Dice la sabiduría popular que hay dos Españas, y que una de ellas ha de helarnos el corazón. Se trata sin duda de una sentencia firme, sin posibilidad de recurso o apelación, una aserción entre la desesperanza y la resignación. Como si nacer español supusiera una suerte de condena de serie. Pudiera ser, dadas las funestas circunstancias que nos acompañan como martillo pilón desde hace al menos un par de siglos.
Y digo yo desde este estrado que hay en la piel de toro actual dos Begoñas, cuyas respectivas historias personales muestran una radiografía craquelada y trágica de la sociedad presente, acaso lógica metástasis de los desmanes dieciochescos.

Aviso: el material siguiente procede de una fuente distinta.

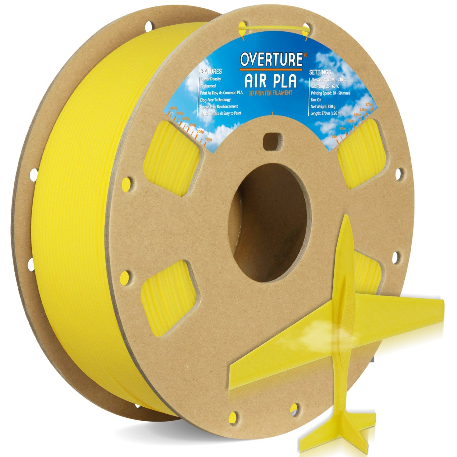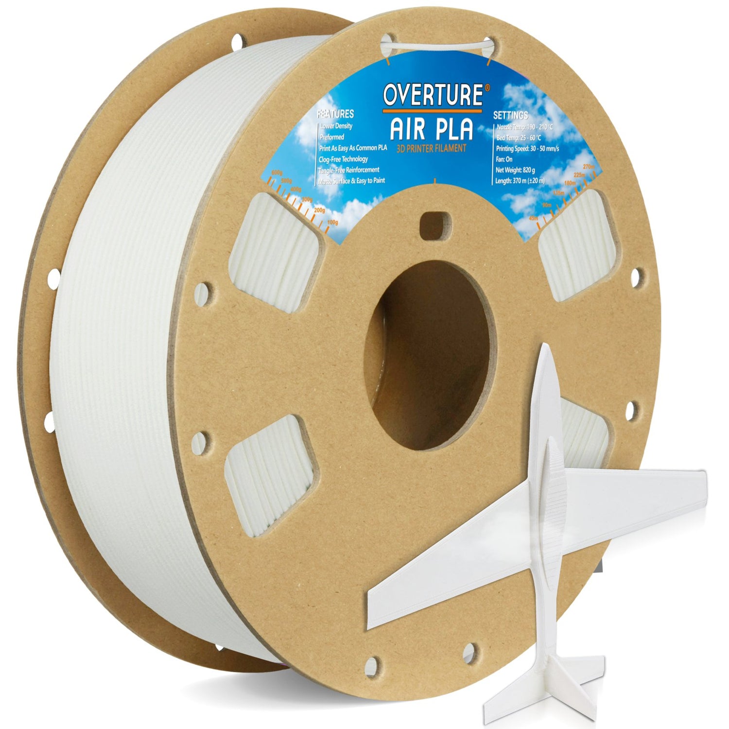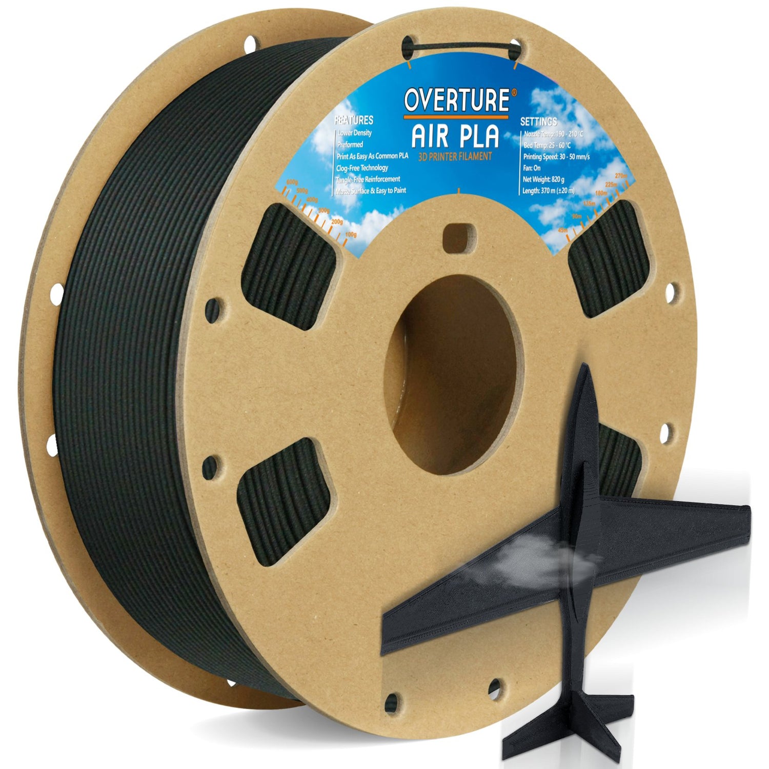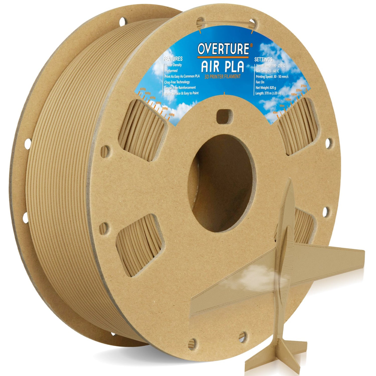 Overture AIR PLA, a remarkable low-density foam filament designed to revolutionize your 3D printing experience! Utilizing advanced foaming technology, AIR PLA achieves a density approximately 20% lighter than standard PLA, allowing for the creation of high-quality printed parts that are significantly easier to handle.

La Gómez es perseguida ―o casi― por los tentáculos de una justicia que por momentos juega a Dr. Jekyll y Mr. Hyde, que ensombrece hoy lo que ayer alumbraba, y que nos regala en ocasiones ilusionantes rayos de luz cuando uno menos se lo espera. ¡Ni tan mal!
Acusan a la Gómez de apropiarse de lo ajeno, de tráfico de influencias, de subirse a la parra y de aferrarse a sus ramas cual garrapata estival. Viene la Gómez de hacer caja con negocios, si no turbios, si desde luego vaporosos como sauna en hora punta. Y más negros de lo que aparentan. Pero nuestra Gómez levanta ufana la cabeza, porque ella lo vale, se abona al «cuanto peor mejor», no da su brazo a torcer, y lo mismo crea una cátedra en cierta universidad española que gestiona fondos públicos para una asociación congoleña. Es la Gómez poliédrica en sus formas y en sus habilidades gestoras. Sirve lo mismo para un roto que para un descosido, y quizá por eso su guapérrimo esposo dice amarla con locura.
Por el contrario, la Gerpe da sus primeros pasos en el proceloso terreno de la abogacía, que compagina con un canal en las redes desde donde va desgranando a ratos perdidos sus pareceres y pensamientos, todos políticamente incorrectos en los tiempos que nos ha tocado sufrir.
Se le ocurre a la Gerpe dejar grabada su opinión sobre la comunidad gitana que le tocó en suerte por su profesión, y no queda la clientela calé precisamente bien parada. Pero se trata de su particular experiencia, que resultó al parecer pésima, como supongo podría haber resultado óptima. Corroboran algunos colegas de la muchacha similares viacrucis, aunque lo hacen con la boca pequeña y siempre en estricta privacidad, no vaya a ser que la entidad untada de turno aprecie pintiparada ocasión para hacer de ariete contra la bruja impía. Y, en efecto, la entidad untada de turno arremetió sin esperar a que anocheciera contra ella, como estaba cantado y contado. Ahí empezaron sus problemas, que siguen a la hora de redactar estas líneas, al punto de que se ha visto obligada a exiliarse junto a su familia al extrarradio ibérico, y allí espera sentencia.
No le acompaña a la Gerpe su preferencia ideológica, lo que acaba por cerrar el círculo según las huestes progres. Porque ―a ver si nos vamos percatando del detalle― todo esto es paquético, por cuanto al parecer todo lo inmundo viene empaquetado y resulta además indivisible. Vamos, que te quedas en el cedazo si cometes el error de exponer tu personal e intransferible experiencia con un colectivo social que por lo visto solo merece parabienes, aunque su líder te raje la panza como a una sandía. Con toda probabilidad, lo hizo porque le gusta la fruta.
Vaya por delante que no bebo los vientos por ninguna de las Begoñas aquí reseñadas, y supongo que el mero hecho de tener que aclararlo me señala de alguna extraña manera. Pero quédense con el carácter figurativo que pretende ser este artículo, pues apena aspira a eso.
Que una de estas Begoñas siga viviendo en un palacete capitalino, rodeada de toda suerte de lujos y atenciones mientras que la otra haya tenido que salir por patas del país refleja cuando menos que algo profundo y esencial está fallando bajo nuestros pies, que el suelo se tambalea amenazando agrietarse y tragarnos a todos como hacen los camiones de la basura. Quizá porque de algún modo hemos acabado mutando en desperdicio, en simple compost humano. Bien pudiera ser.